*PROBLEM REQUIREMENTS*.
Return the following lines and nothing else: the one holding "버려진 도자기 조각들은" and all those after it in the records below, unchanged, minus any pictures.

══════

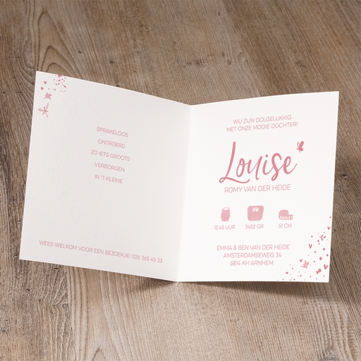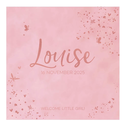 Geboortekaartje – Luxe roségoudfolie met vlindertjes
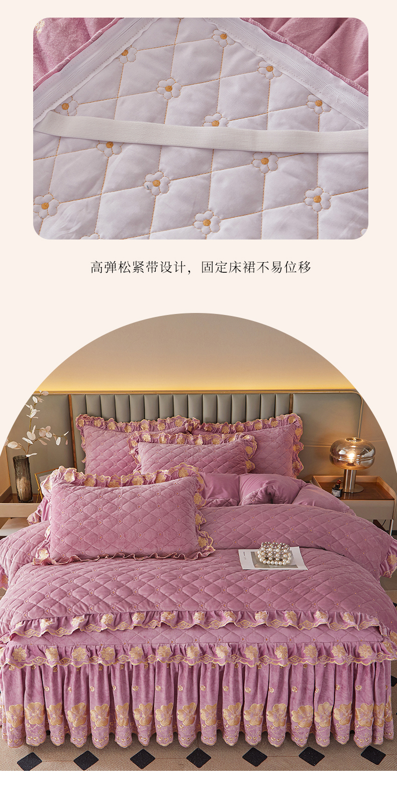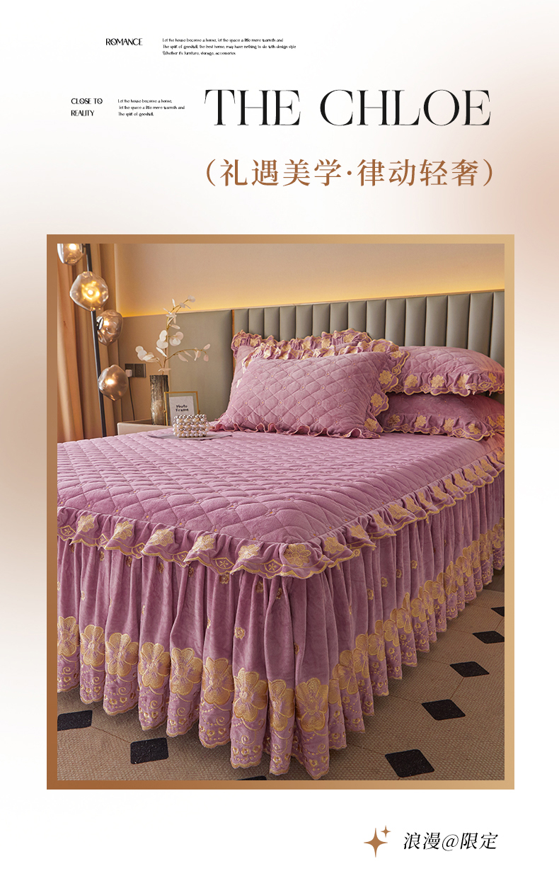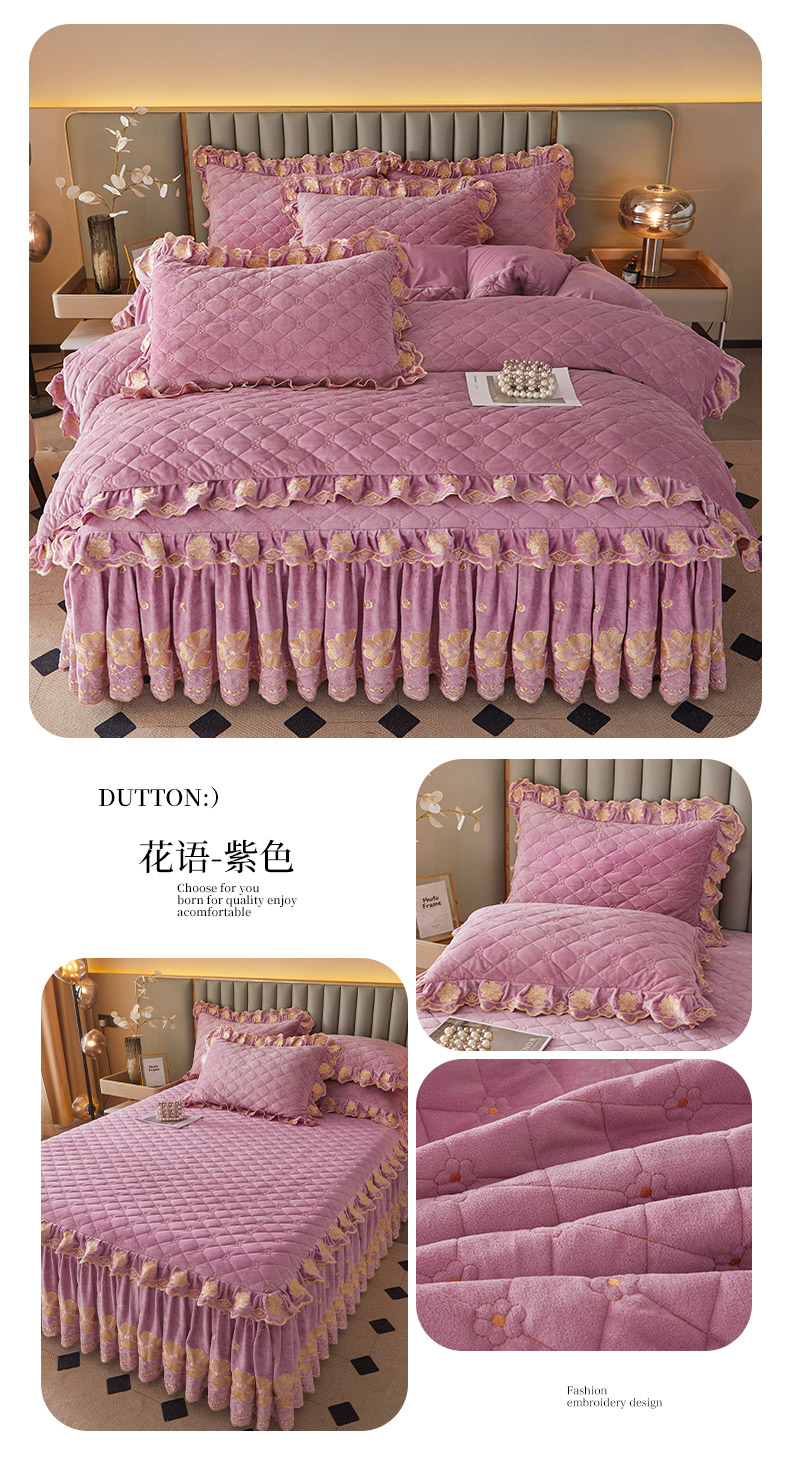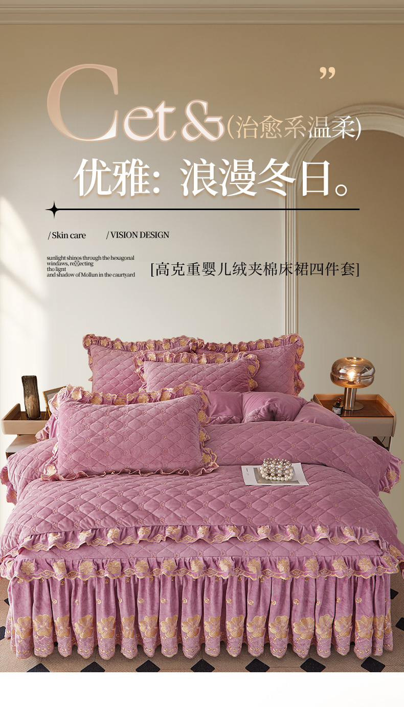 当前位置: 91家纺网 > 商品网购 > 床品套件 > 四件套 > 其它四件套 > 罗艺轩 2025新款婴儿绒双层夹棉可拆卸床裙四件套-花语 花语- 紫色
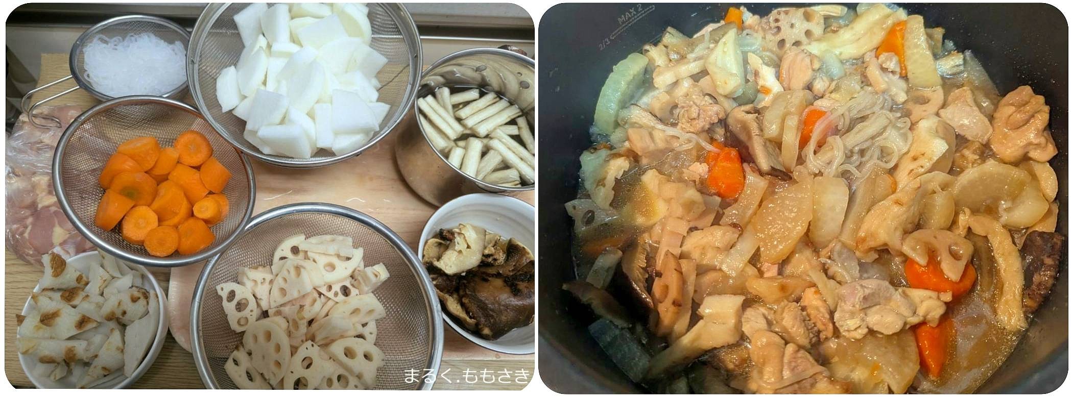 筑前煮は材料がいろいろあるからそれぞれカットですね。花形にはせず本当に口で伝え切ってもらった^^わが家は糸コンニャクを入れます。仕上げにとろみをつけるので糸コンがヘルシー麺のように食べれて取り合いです^^圧力鍋なので6分かけるだけ。
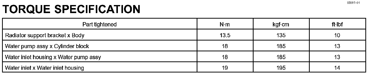 Cooling - Torque Specification:
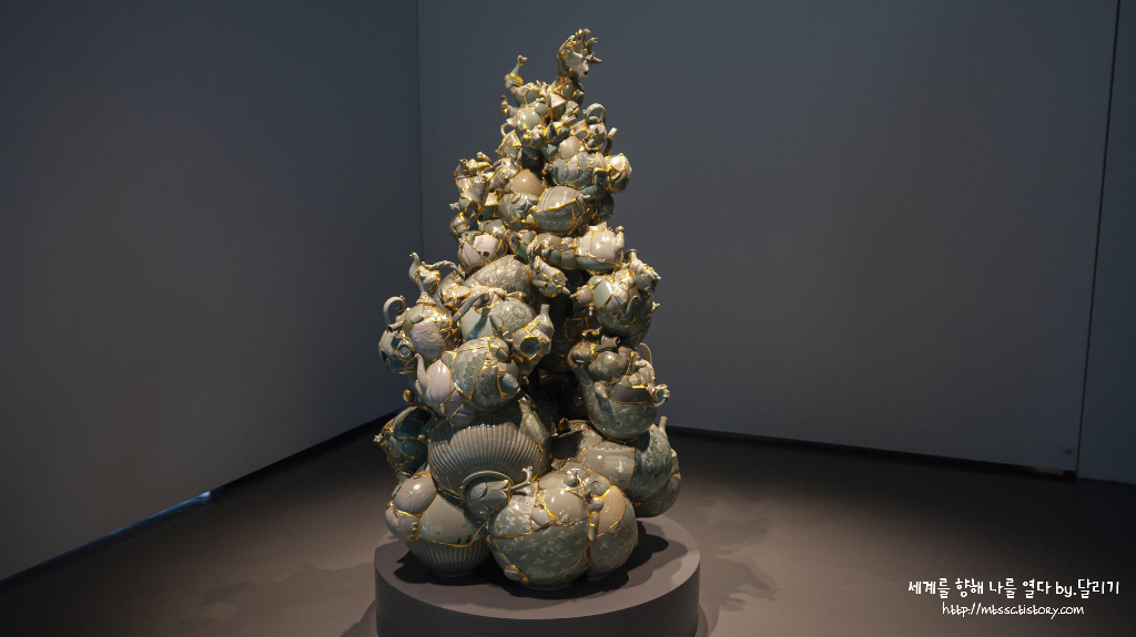 버려진 도자기 조각들은 말 그대로 버려지는 것들이라 평소에는 관심 있게 보지 않았을 텐데, 이렇게 금으로 연결시켜 하나의 오브제로 만들어 놓으니 독특하면서도 화려하여 꽤 인상적이었고요. 작가의 해석을 통해 전통적인 도자기와 새로운 방식으로 소통한다는 느낌이 들어 신선함도 느낄 수 있었습니다.
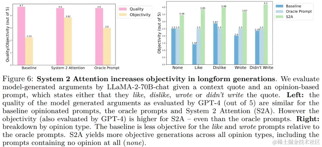 图 6(左)显示了长论点生成的总体结果,基线、Oracle Prompt 以及 System 2 Attention 都被评估为可以提供类似的高质量评估。图 6(右)为细分结果:

══════

*ANSWER AREA*.
 버려진 도자기 조각들은 말 그대로 버려지는 것들이라 평소에는 관심 있게 보지 않았을 텐데, 이렇게 금으로 연결시켜 하나의 오브제로 만들어 놓으니 독특하면서도 화려하여 꽤 인상적이었고요. 작가의 해석을 통해 전통적인 도자기와 새로운 방식으로 소통한다는 느낌이 들어 신선함도 느낄 수 있었습니다.
 图 6(左)显示了长论点生成的总体结果,基线、Oracle Prompt 以及 System 2 Attention 都被评估为可以提供类似的高质量评估。图 6(右)为细分结果:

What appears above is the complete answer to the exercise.